Dr Tim Woodruff, vice president of the Doctors Reform Society, writes:
The GP co-payment is dead. So said the Prime Minister as he made his third retraction on the issue six weeks ago.
However, co-payments are far from “dead, buried and cremated” – and analyses of recent policy announcements suggests we are heading ever faster towards a two-tiered, US-style health system
Health Minister Sussan Ley’s recent announcement of reviews of efficiencies in primary care and the Medical Benefits Schedule is welcome, but should be recognised as merely a strategic change of tack that leaves the overall policy direction unchanged.
The $5 cut to the Medicare rebate has gone, but the four year freeze on the rebate remains. This means that the Medicare rebate will not be adjusted for inflation for the next four years for GP, allied health, dental, and specialist consultation.
For GPs this is effectively a $3 rebate cut over four years, which is a clear signal to GPs that they should start charging co-payments to more patients – or face a $15,000 salary cut. The Government prefers the former and will probably get it.
The AMA continues to object to the freeze of the rebate primarily because it forces doctors to decide to accept a pay cut or charge co-payments to make up the difference. It is important to note however, that the AMA recommends a $36 co-payment at the discretion of the doctor.
Whilst the Government and the AMA are in ongoing negotiations, they do share a common aim. They and the Royal Australian College of GPs (RACGP) all want a reduction in bulk billing, claiming that many can afford co-payments whilst conveniently ignoring the fact that those who can afford a co-payment already usually pay more in taxes to support Medicare.
The RACGP should be commended, however, for its proposal to improve and extend blended payments, moving away from reliance on fee for service and co-payments.
Reports suggest that a part of the new plan will be to make it easier to charge a co-payment. This can be done by allowing doctors to just charge the co-payment up front and separately apply to Medicare for the rebate.
With such a proposal the patient has to pay the co-payment but completely avoid the hassle of sorting out the rebate. This will make it easier for doctors to start charging a ‘little’ co-payment, e.g. $5, with minimal impact on patients who can afford to pay.
It would entrench in patients’ minds that co-payments are to be expected, that bulk billing is for the really poor, and that Medicare is a safety net. This is the intention, despite the reality that Medicare was set up as public health insurance for everyone, not as a safety net.
This is one step towards the further privatisation of our health system.
Once this re-education process of the public has begun to work, the brake on co-payments will be lost and the amount will quickly rise to what the AMA wants and recommends i.e. $36, or more.
The next step to privatisation will be to have private health insurance (PHI) cover co-payments (gaps) just as they do in private hospitals.
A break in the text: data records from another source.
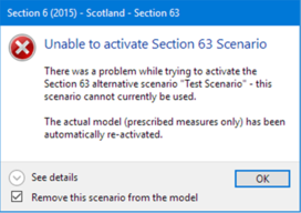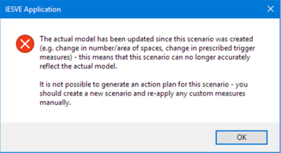 The most common cause of this would be modifying the geometry or building data of the original source model after the scenario was created (adding new rooms, deleting or changing the area of existing rooms, changing the EPC data in Building & System Data), or by modifying the data in the original source model such that it now uses a different set of triggered prescriptive improvement measures to that in scenario. In these cases, the scenario no longer accurately represents the same building, so you cannot use it for Section 63 analysis.
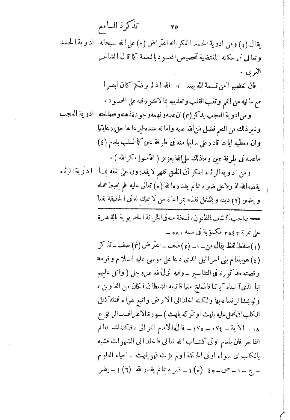 ومن أدوية العجب يذكر أن علمه وفهمه وجودة ذهنه وفصاحته وغير ذلك من النعم فضل من الله عليه وأمانة عنده ليرعاها حق رعايتها، وأن مُعْطِيه إياها قادر على سلبها منه في طرفة عين كما سلب بلعام ما علمه في طرفة عين وما ذلك على الله بعزيز {أَفَأَمِنُوا مَكْرَ اللَّهِ} [الأعراف: ٩٩].
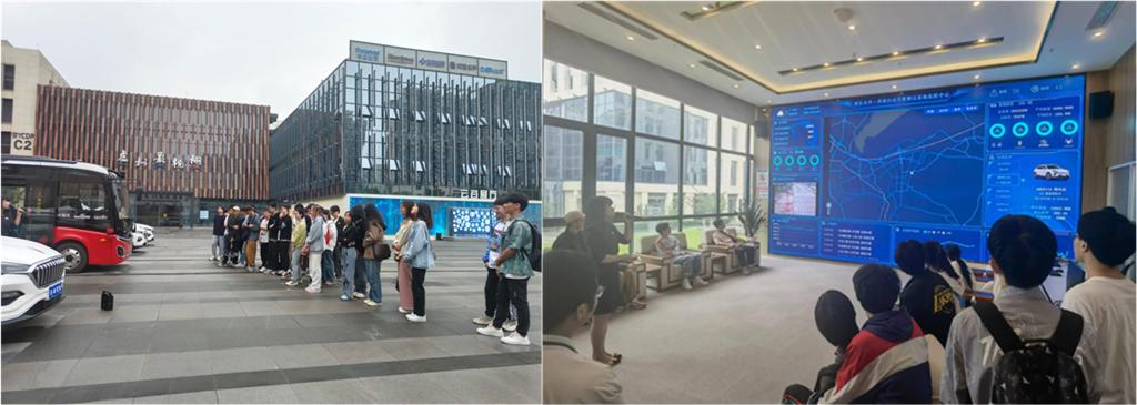 在招商车研的安排下,我院20级智能网联汽车班师生一行于6月16日下午驱车来到了西部自动驾驶开放基地进行参观,并在讲解员的推荐下体验了由百度开发的萝卜快跑自动驾驶网约车。

The Federal Government is already supporting this. It has expressed its approval for a trial in 26 medical centres in Brisbane where Medibank Private guarantees for its members no co-payments (price signals), same day appointments, and after hours GP home visits within 3 hours.
For any of the medical centres to be able to do this, they must downgrade access to care for patients who do not have PHI.
Most Australians dealing with chronic diseases know that access to elective surgery is grossly unfair. Now the Government wants the same unfairness to extend to access to GPs.
In addition, the PHI industry has been accepted by the Government as players in Primary Health Care Networks. The industry’s interest is their members, not the population at large.
Meanwhile, ongoing Federal cuts to public hospital funding increase public concern regarding hospital access and encourages them to take out PHI, strengthening the hand of the PHI industry.
Co-payments are far from dead. They are alive but unhealthy, preventing access to care for some of the most disadvantaged Australians. They are growing.
The intention of the Government is to make them grow much more, so that those who are on incomes low enough for the co-payment to be a price signal do stop using services.
No such restriction is to be placed on those who can afford co-payments or PHI.
Those who stop using GPs or taking their drugs because of co-payments may die because doctors and drugs save lives. Co-payments are not dead but they cause deaths by stopping people accessing life saving care, whether it be seeing a GP because of chest pain which could be indigestion or a deadly heart attack, or not taking a drug which over 10 years definitely reduces the likelihood of someone dying.
The change in tack of the Abbott Government from directly imposing extra costs on patients to these more subtle measures reflects a much smarter approach to achieving the long term agenda: the destruction of Medicare as public health insurance for all, and its replacement by an American style private system for the rich and a second rate public system for Aussie battlers.